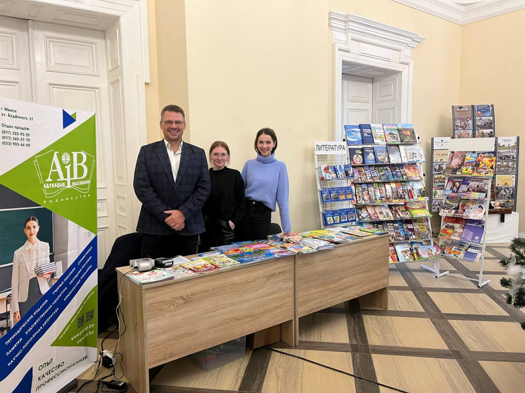Дмитрий Кошевар, начальник отдела маркетинга, познакомил собравшихся с историей издательства и направлениями работы. Особое внимание было уделено реализуемым проектам гражданско-патриотической направленности: сериям «Я горжусь!» и «Славим Родину трудом», изданию «Детям о Конституции: просто о главном», книге «Образование в Беларуси: истоки, история, современность». Также в рамках презентации были представлены журналы для детей на белорусском языке «Вясёлка» и «Буся» и научно-методический журнал для работников учреждений дошкольного образования «Пралеска», о котором подробнее рассказала его главный редактор Светлана Штабинская.
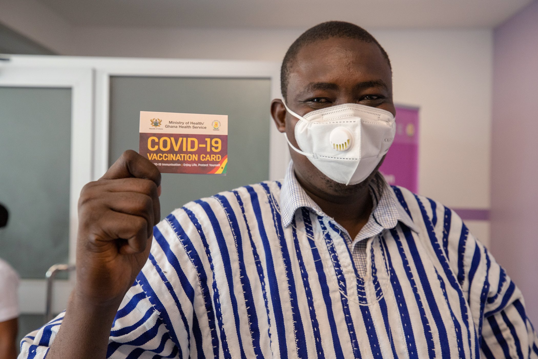 Dr. Emmanuel Addipa-Adapoesho shows a vaccination card after receiving the AstraZeneca/Oxford COVID-19 vaccine in March 2021. "As a physician, we have taken an oath to protect and save lives, so I am ready for this," said Dr. Addipa-Adapoe.
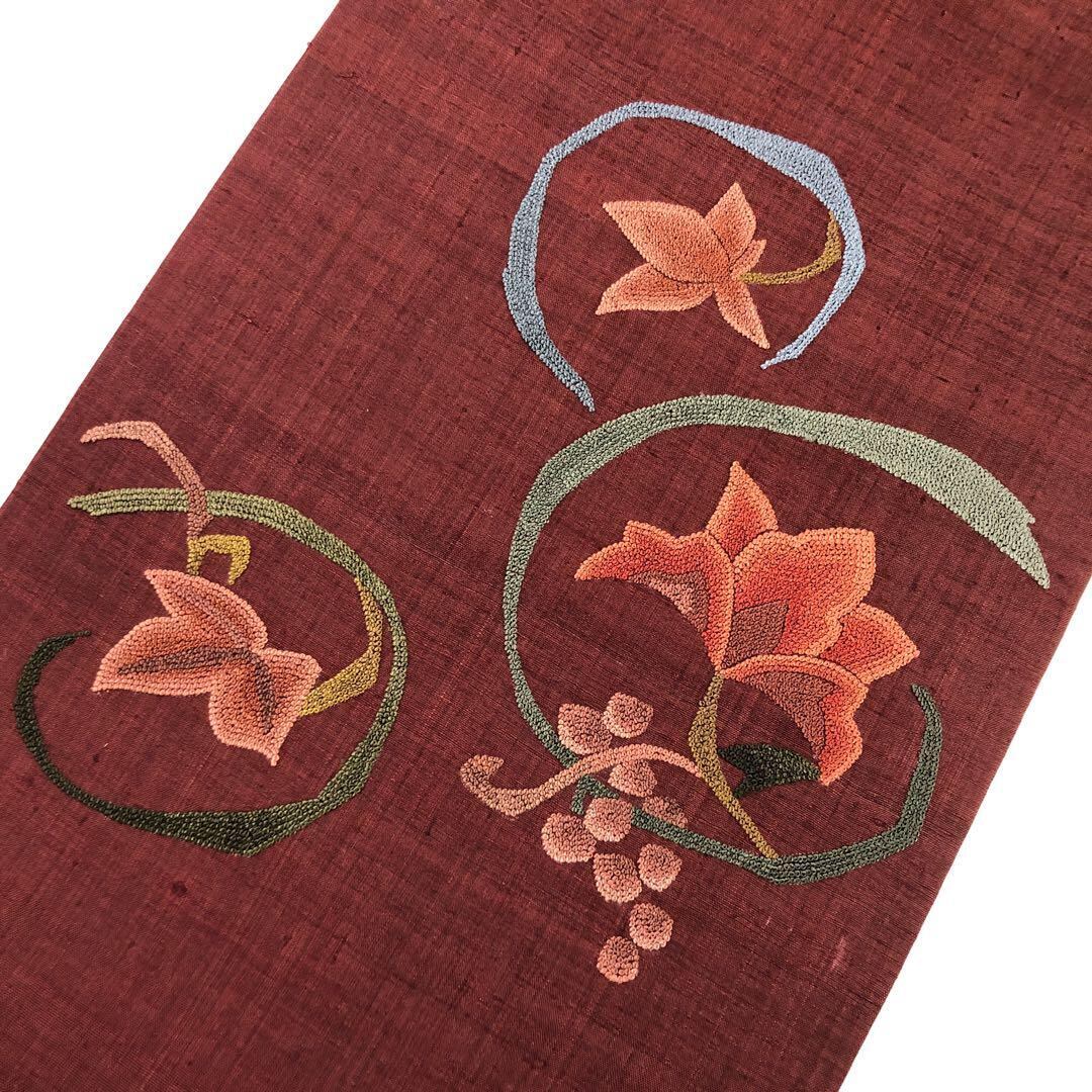 名古屋帯 紬 抽象花模様 相良刺繍 深緋色 しつけ糸 O-3124
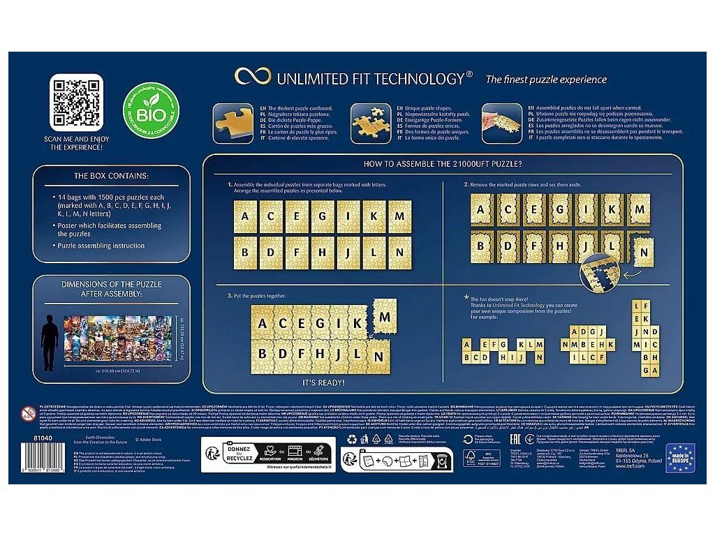 Objavte puzzle Trefl Prime UFT - Earth Chronicles: od stvorenia po budúcnosť , ktoré pozostáva z impozantných 21 000 dielikov ! Poskladajte obrovskú skladačku predstavujúcu umeleckú víziu: od počiatkov Zeme až po budúcnosť!
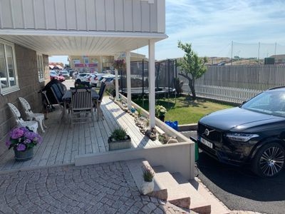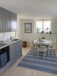 Ni kommer att ha nära till allt när ni bor i denna centralt belägna lägenhet. Plan 1 i villa på ca: 60 kvm med hall, kök, badrum, v-rum samt sovrum. Gratis wi-fi finns. Utomhusgrupp under tak samt tillgång till grill. Gratis parkering för 1 bil vid huset. Möjlighet att ladda sin elbil mot tillägg. Badrum med wc, tvättställ samt dusch. I köket finns köksbord med stolar, kyl/frys, ugn, spishäll, diskmaskin, vattenkokare samt kaffebryggare. Fullt utrustat med köksredskap. Vardagsrummet har en soffa med soffbord samt två fåtöljer. Apple TV finns med olika appar så ni kan logga in på era egna konton. I sovrummet finns 2 st enkelsängar samt en våningssäng med underslaf på 120cm samt en överslaf på 90cm. Från tomten ser man vattnet, sjöbodar & båtar och bara några hundra meter bort ligger en av alla härliga badplatserna på Smögen. Där badar man från en mindre sandstrand, klippor, badstegar eller går i från handikapsrampen. Större badplats med stegar & hopptorn finns också i närheten. Smögenbryggan med härlig mat, dryck & shopping ligger med några minuters promenadavstånd. I närheten av huset finns även butiker, bageri, outlets etc. Även gångavstånd till minigolfen samt Ica butik. För den golfintresserade ligger Sotenäs golfklubb ca 15 minuter med bil från Smögen. Padelhall finns också på behörigt bilavstånd. Lägenheten är djur & rökfri. Incheckning kl: 15.00. Utcheckning kl: 11.00. Städ kan bokas för 1200kr. Städar man själv kommer vi att kolla av städet innan utcheckning. Hyra av sänglinnen kan bokas för 150kr/säng.
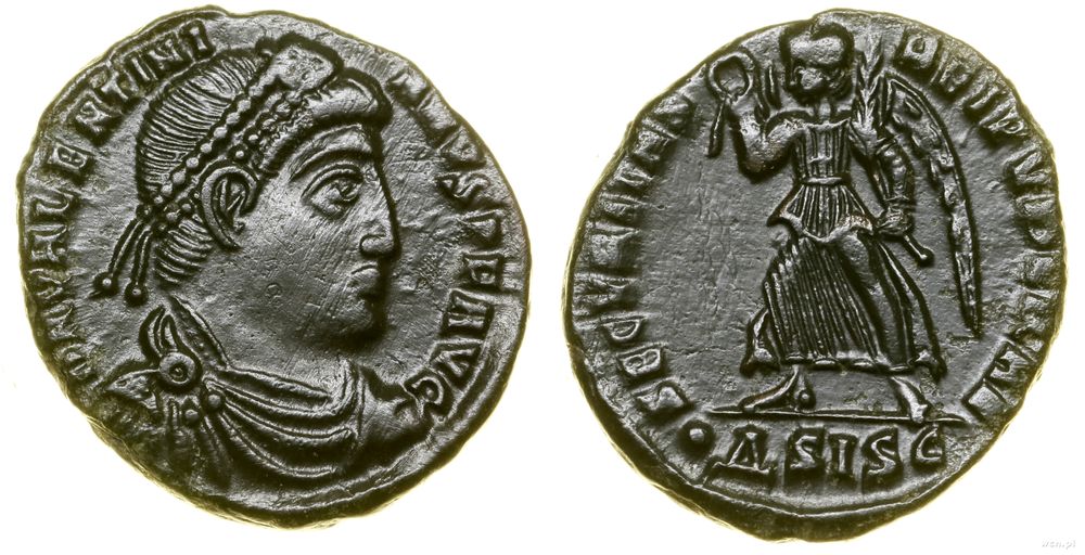 Opis: | Cesarstwo Rzymskie - Walentynian I (364–375), follis, (364–367), Siscia, Aw: Popiersie w prawo, D N VALENTINIANVS P F AVG, Rw: Wiktoria krocząca w lewo, trzymająca wieniec i gałązkę palmową, SECVRITAS REIPVBLICAE, w odcinku •ΔSISC |
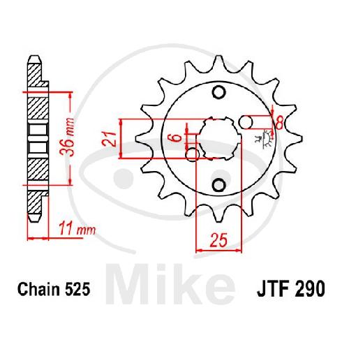 Ritzel, 15Z, Teil.: 525, grobverzahnt 6, Innen Ø : 21/25
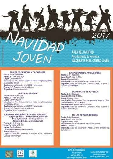 El área de Juventud del Ayuntamiento de Herencia presenta la programación navideña destinada a que los más jóvenes del municipio, puedan disfrutar del tiempo de ocio en las próximas vacaciones.
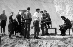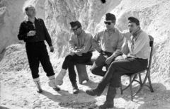 a felvétel az Egy szerelem három éjszakája című film forgatásakor a dolomitbányában készült. Balról a harmadik Révész György a film rendezője, a dobogón Tompa (Pufi) Sándor színművész, jobb szélen a széken Sinkovits Imre színművész ül.

**THE TASK:** Treat the line with "名古屋帯 紬 抽象花模様 相良刺繍 深緋色 しつけ糸 O-3124" as the start and the line with "Objavte puzzle Trefl" as the end, and return exactly that span of the data above, both ends included, without pictures.

**SOLUTION TO THIS TASK:**
 名古屋帯 紬 抽象花模様 相良刺繍 深緋色 しつけ糸 O-3124
 Objavte puzzle Trefl Prime UFT - Earth Chronicles: od stvorenia po budúcnosť , ktoré pozostáva z impozantných 21 000 dielikov ! Poskladajte obrovskú skladačku predstavujúcu umeleckú víziu: od počiatkov Zeme až po budúcnosť!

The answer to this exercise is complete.